INPUT RECORDS ::
◆ ◆ ◆

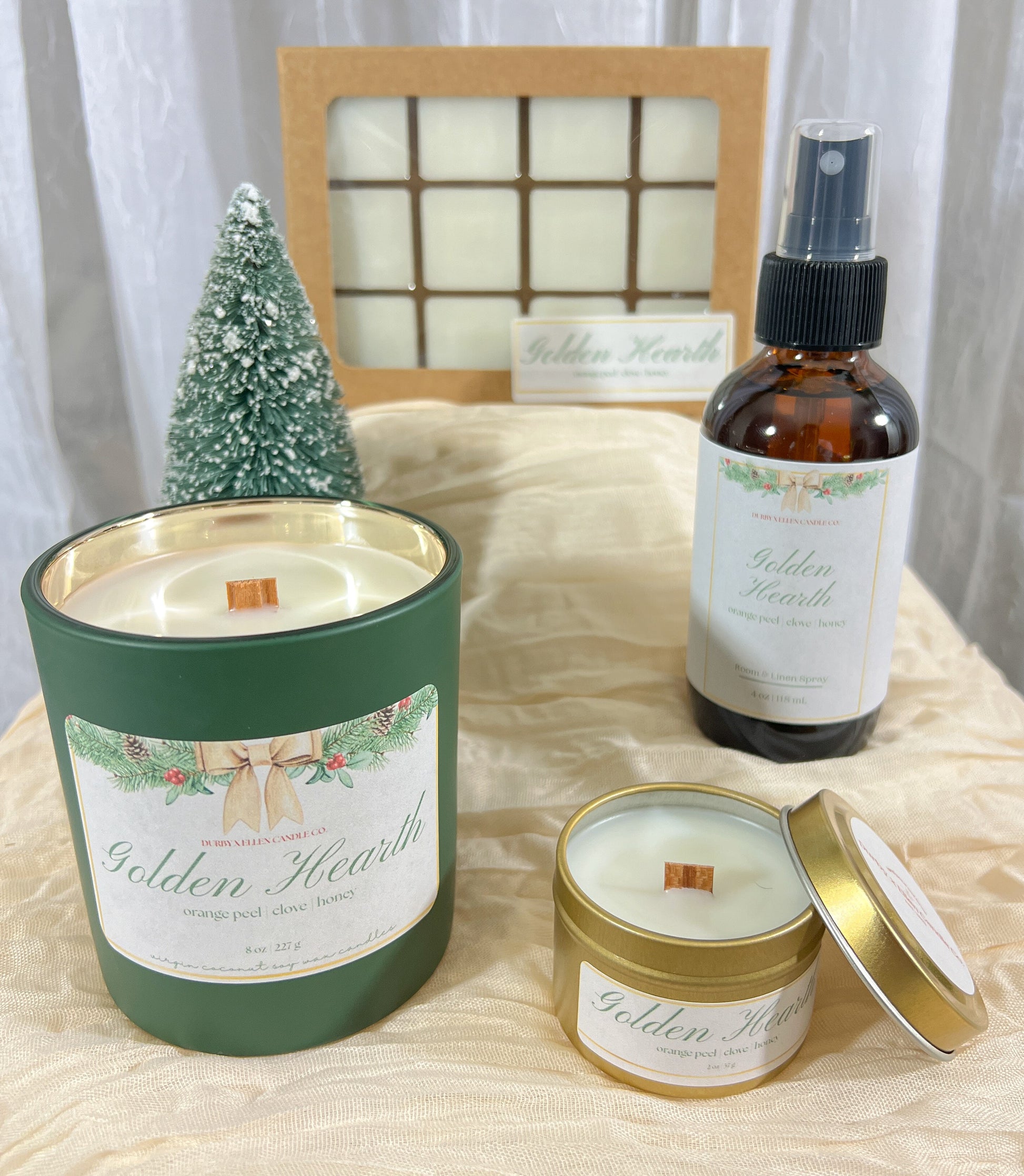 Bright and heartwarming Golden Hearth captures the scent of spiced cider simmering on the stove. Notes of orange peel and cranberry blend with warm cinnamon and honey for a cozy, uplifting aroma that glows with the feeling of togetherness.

◆ ◆ ◆

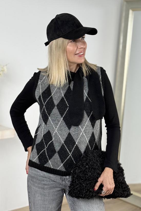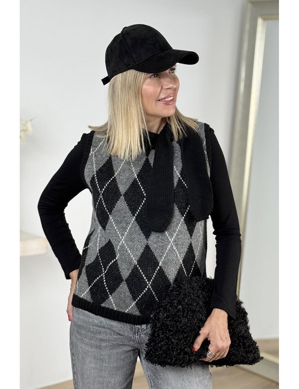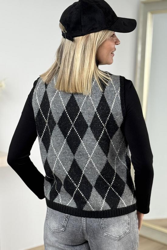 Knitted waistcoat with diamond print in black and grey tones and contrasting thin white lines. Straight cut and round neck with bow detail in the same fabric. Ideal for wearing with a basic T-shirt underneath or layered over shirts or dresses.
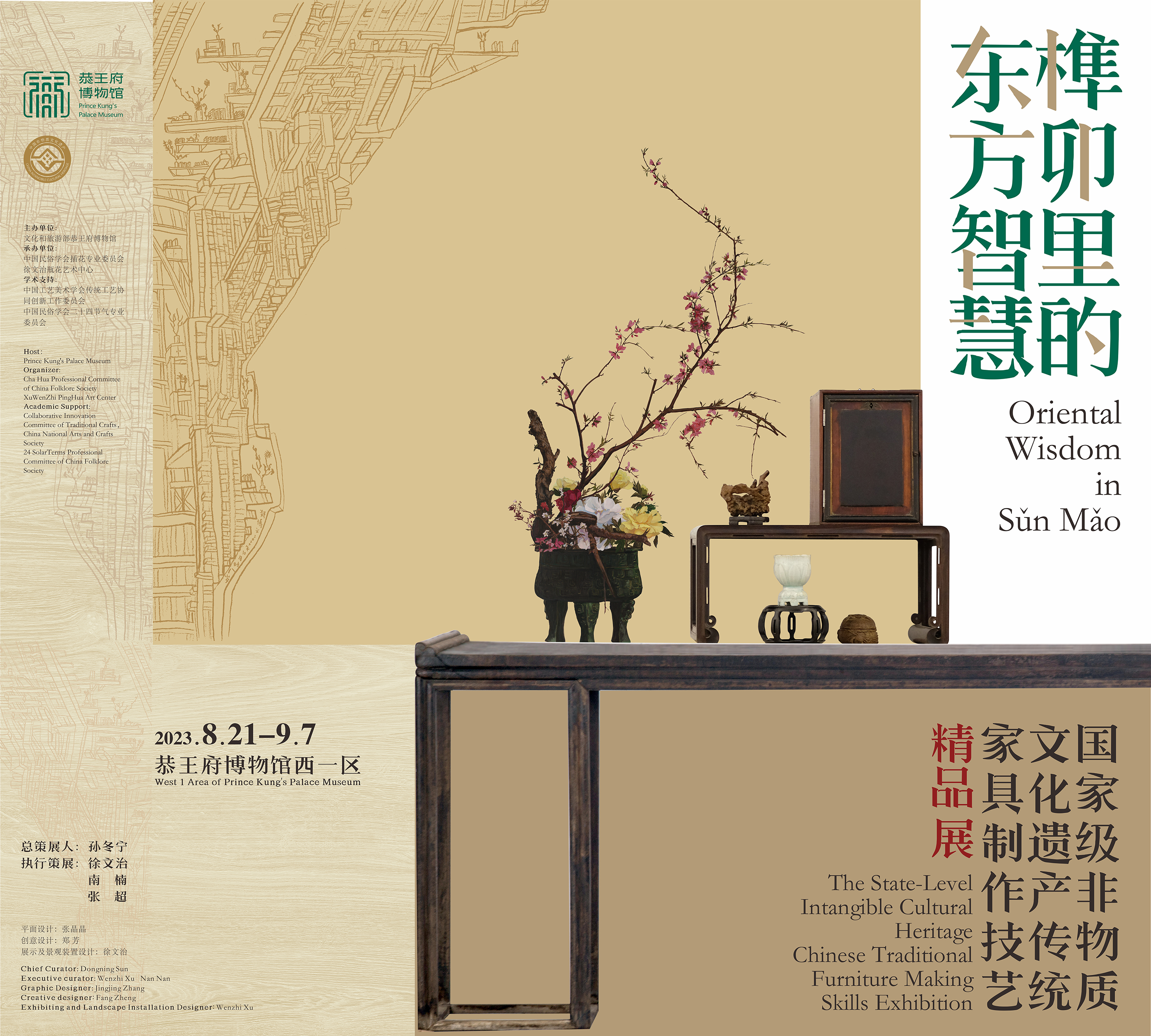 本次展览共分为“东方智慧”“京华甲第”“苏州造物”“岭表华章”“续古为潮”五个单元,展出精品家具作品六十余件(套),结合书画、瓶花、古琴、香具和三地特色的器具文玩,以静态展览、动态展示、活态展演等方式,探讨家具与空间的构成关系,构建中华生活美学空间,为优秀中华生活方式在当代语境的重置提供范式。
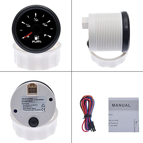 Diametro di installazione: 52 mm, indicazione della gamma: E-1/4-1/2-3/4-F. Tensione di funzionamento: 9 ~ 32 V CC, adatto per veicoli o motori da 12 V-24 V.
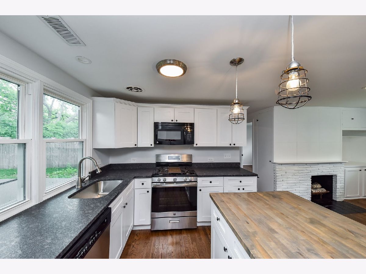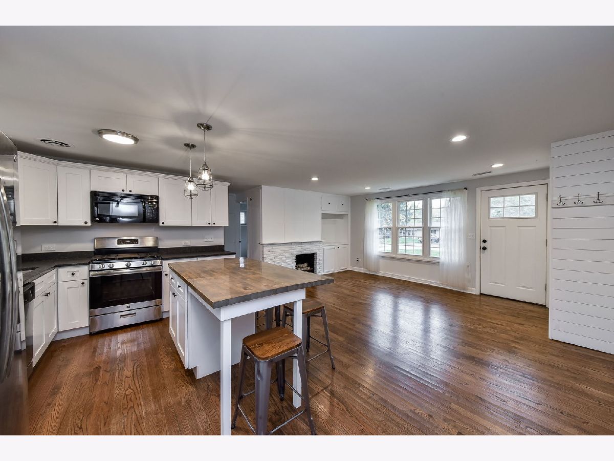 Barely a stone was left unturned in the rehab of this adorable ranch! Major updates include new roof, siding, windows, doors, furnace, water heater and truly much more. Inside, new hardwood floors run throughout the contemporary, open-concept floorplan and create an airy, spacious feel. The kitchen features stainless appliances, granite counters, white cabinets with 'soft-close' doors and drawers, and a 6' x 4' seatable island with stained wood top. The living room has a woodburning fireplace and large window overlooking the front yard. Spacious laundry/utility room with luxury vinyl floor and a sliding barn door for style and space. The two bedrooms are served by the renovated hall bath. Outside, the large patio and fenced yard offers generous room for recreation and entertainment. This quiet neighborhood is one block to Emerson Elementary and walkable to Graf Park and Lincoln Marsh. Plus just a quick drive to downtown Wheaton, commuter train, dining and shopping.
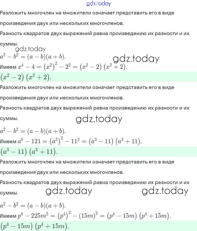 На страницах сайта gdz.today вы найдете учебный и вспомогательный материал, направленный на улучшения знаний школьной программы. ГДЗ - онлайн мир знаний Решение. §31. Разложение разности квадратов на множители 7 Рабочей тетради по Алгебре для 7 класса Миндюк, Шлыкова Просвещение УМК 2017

◆ ◆ ◆

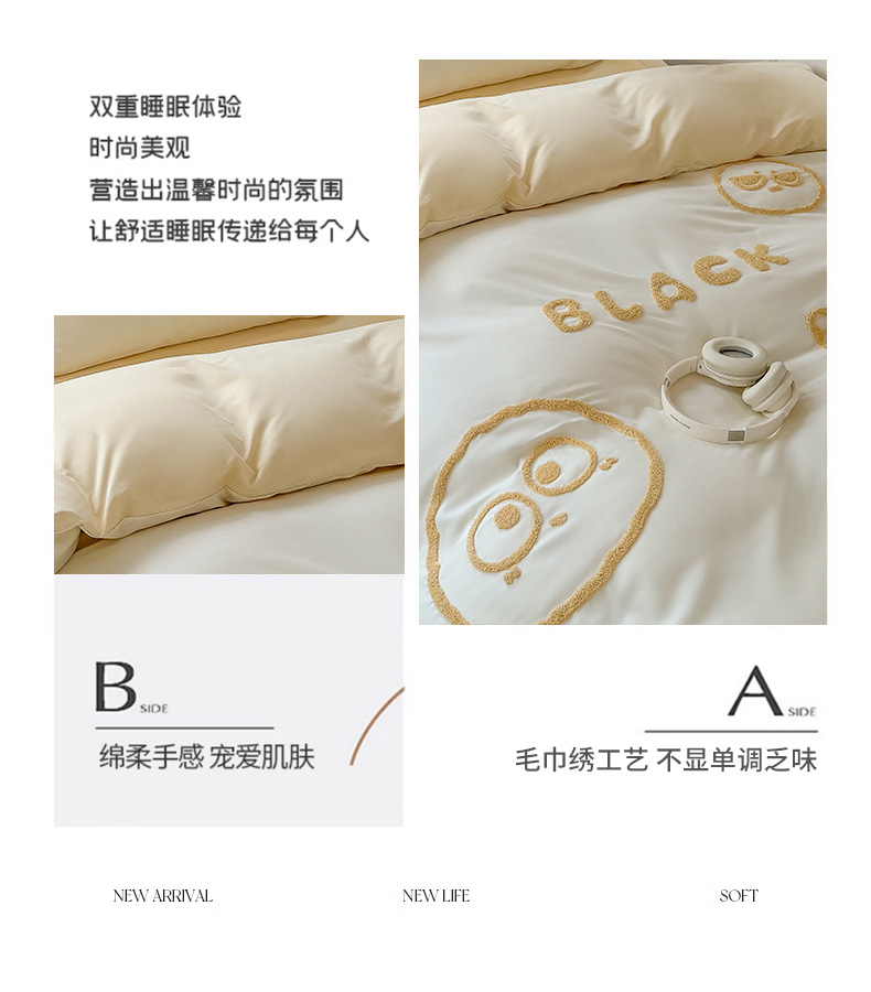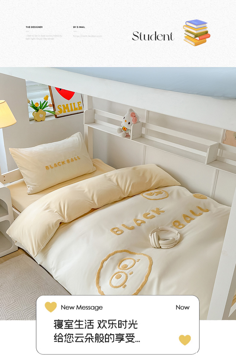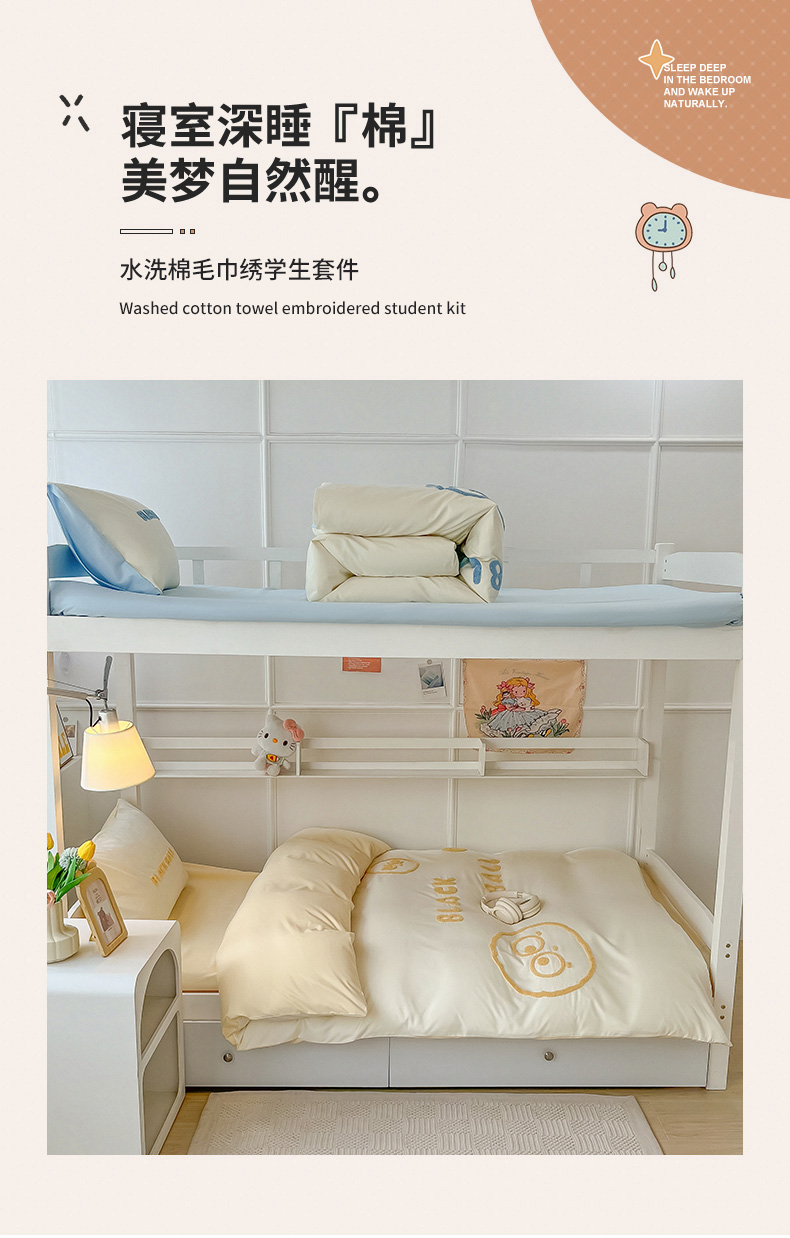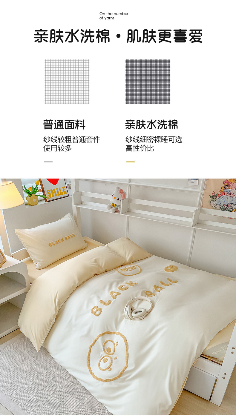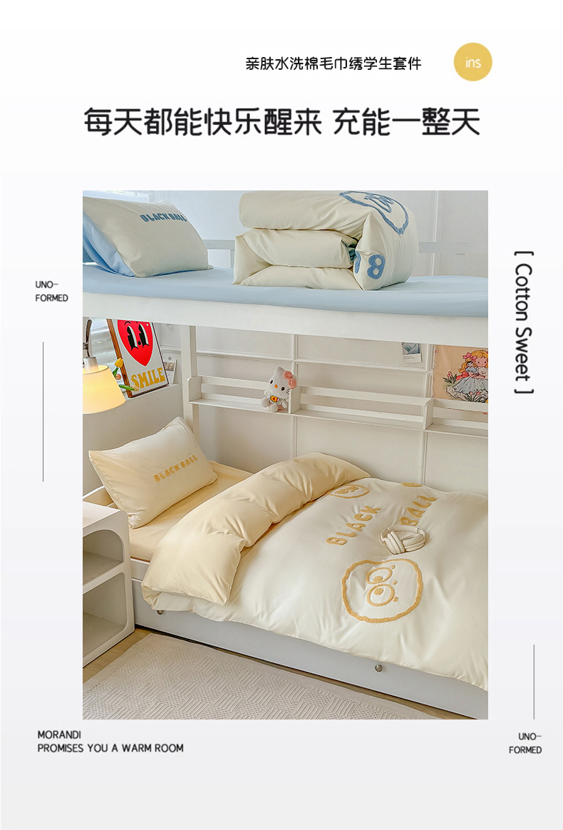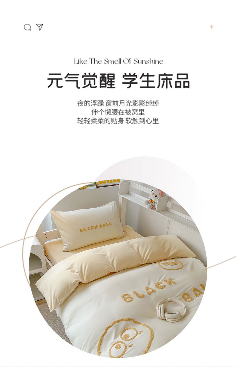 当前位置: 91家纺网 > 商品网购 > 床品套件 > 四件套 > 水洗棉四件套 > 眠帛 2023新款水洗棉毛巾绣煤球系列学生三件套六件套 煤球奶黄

◆ ◆ ◆

AIM OF THE TASK :: Using the material above, transcribe exactly the lines from the one holding "Diametro di installazione: 52" to the one holding "На страницах сайта", both ends kept. Do not carry over any pictures.

OUTPUT BELOW ::
 Diametro di installazione: 52 mm, indicazione della gamma: E-1/4-1/2-3/4-F. Tensione di funzionamento: 9 ~ 32 V CC, adatto per veicoli o motori da 12 V-24 V.
 Barely a stone was left unturned in the rehab of this adorable ranch! Major updates include new roof, siding, windows, doors, furnace, water heater and truly much more. Inside, new hardwood floors run throughout the contemporary, open-concept floorplan and create an airy, spacious feel. The kitchen features stainless appliances, granite counters, white cabinets with 'soft-close' doors and drawers, and a 6' x 4' seatable island with stained wood top. The living room has a woodburning fireplace and large window overlooking the front yard. Spacious laundry/utility room with luxury vinyl floor and a sliding barn door for style and space. The two bedrooms are served by the renovated hall bath. Outside, the large patio and fenced yard offers generous room for recreation and entertainment. This quiet neighborhood is one block to Emerson Elementary and walkable to Graf Park and Lincoln Marsh. Plus just a quick drive to downtown Wheaton, commuter train, dining and shopping.
 На страницах сайта gdz.today вы найдете учебный и вспомогательный материал, направленный на улучшения знаний школьной программы. ГДЗ - онлайн мир знаний Решение. §31. Разложение разности квадратов на множители 7 Рабочей тетради по Алгебре для 7 класса Миндюк, Шлыкова Просвещение УМК 2017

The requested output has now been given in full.